Move the world through love, not fear
This short book (153 pages) was written by Arun Gandhi, Gandhi’s grandson. Each chapter is a lesson, for example lesson one: use anger for good. These lessons were learnt at a time when Arun was a child and was living with Gandhi.
Gandhi taught Arun (and the world) numerous lessons about how we should all be treated as equal. He lived a very sparse life as he refused to have more comforts that the poorest Indian. The lessons sometimes frustrated the young Arun, for example when he threw a pencil stub away and Gandhi made him find it, to learn how waste is violence on the world. Essentially, though, these lessons were prophetic in the larger scope. Arun ties all the lessons in with current events so we see how they can still be utilised today.
The guiding principle which underscored all the others was that of non-violence.

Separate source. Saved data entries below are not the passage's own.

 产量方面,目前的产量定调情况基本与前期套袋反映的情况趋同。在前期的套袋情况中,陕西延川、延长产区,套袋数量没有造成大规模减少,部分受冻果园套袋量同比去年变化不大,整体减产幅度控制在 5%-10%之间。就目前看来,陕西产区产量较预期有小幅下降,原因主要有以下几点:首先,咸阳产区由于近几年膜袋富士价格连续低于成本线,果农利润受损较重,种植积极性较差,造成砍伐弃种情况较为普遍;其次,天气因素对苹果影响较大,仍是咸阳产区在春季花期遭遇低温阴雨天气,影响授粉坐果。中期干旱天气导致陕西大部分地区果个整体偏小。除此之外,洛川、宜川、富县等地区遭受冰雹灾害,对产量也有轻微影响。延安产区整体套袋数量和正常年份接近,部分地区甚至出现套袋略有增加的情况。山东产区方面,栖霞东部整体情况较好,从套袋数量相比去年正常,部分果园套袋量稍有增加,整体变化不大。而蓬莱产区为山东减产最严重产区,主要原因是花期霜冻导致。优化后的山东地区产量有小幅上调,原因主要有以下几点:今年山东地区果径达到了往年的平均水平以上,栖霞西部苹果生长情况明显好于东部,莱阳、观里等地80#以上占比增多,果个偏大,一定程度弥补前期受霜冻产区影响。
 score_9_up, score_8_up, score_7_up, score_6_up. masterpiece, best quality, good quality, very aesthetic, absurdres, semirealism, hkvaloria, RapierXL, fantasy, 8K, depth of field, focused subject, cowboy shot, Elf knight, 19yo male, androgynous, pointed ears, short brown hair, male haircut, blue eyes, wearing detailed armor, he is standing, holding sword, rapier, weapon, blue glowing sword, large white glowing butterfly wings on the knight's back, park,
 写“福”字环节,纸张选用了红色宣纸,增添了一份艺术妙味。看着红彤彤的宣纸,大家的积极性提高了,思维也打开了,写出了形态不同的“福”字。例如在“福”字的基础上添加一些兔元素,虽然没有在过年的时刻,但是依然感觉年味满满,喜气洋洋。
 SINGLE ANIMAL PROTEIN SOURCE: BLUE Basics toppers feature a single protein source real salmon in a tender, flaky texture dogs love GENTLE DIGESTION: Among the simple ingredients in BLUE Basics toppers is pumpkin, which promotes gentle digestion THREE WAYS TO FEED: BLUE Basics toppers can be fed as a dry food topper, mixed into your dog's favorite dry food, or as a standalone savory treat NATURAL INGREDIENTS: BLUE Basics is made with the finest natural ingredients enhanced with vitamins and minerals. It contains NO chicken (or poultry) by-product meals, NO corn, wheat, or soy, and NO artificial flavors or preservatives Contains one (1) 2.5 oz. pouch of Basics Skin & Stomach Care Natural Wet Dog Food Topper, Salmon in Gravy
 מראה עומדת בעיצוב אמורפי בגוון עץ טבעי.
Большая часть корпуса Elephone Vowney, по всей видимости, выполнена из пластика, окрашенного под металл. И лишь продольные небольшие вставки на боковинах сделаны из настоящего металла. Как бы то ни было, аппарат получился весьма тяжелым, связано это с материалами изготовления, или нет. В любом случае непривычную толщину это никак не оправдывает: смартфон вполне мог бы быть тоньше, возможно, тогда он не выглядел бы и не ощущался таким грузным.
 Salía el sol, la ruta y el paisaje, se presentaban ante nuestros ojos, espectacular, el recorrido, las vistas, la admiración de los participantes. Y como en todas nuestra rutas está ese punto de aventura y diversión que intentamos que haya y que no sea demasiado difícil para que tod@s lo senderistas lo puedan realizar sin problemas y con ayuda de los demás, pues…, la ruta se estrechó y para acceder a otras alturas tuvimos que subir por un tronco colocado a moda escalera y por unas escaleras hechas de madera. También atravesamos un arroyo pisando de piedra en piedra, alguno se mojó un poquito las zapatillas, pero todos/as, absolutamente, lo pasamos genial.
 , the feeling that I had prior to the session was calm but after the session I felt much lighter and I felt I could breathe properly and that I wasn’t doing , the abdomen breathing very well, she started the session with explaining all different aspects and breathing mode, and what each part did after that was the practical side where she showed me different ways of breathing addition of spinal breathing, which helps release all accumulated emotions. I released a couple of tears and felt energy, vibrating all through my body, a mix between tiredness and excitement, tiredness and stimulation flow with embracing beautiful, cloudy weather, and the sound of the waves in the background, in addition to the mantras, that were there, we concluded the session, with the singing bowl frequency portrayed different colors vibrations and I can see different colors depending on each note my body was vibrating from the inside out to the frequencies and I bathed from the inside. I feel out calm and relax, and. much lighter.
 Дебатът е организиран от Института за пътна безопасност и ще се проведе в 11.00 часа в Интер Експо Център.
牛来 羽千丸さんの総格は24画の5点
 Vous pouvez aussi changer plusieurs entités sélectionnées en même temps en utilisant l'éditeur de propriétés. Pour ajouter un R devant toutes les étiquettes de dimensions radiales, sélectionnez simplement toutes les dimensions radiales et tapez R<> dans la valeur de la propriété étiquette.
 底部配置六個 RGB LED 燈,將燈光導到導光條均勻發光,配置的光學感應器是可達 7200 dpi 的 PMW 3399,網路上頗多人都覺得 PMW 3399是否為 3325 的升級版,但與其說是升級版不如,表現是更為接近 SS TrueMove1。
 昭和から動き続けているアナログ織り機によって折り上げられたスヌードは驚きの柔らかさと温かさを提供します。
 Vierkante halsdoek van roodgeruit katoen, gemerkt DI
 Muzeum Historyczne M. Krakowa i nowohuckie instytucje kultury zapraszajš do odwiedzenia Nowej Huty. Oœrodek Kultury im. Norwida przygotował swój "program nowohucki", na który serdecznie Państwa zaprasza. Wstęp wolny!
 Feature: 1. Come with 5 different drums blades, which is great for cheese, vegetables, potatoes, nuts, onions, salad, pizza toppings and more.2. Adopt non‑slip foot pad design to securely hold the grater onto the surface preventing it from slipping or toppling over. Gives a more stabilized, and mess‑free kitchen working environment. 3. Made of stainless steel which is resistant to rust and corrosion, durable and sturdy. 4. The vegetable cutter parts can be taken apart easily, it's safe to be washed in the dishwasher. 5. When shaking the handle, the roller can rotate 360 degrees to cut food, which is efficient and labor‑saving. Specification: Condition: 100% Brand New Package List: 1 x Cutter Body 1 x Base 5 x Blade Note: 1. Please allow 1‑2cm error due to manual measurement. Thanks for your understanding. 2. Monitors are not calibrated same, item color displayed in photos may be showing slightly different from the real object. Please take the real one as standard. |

Gandhi believed that anger is useful when it’s utilised correctly and can be a force for good. All too often in today’s world we are told to stuff our anger, that it has no use, but that’s not what Gandhi believed. For example, the anger he felt at the British, for prohibiting Indians from gathering salt and imposing taxes on that which they sold, was used to fuel a peaceful protest where Gandhi and many others went down to the sea and took their salt from the water there.
I have learnt so much from this book, not just how to be a better person, but how to use my anger as a source for change. I’ll go back to it often.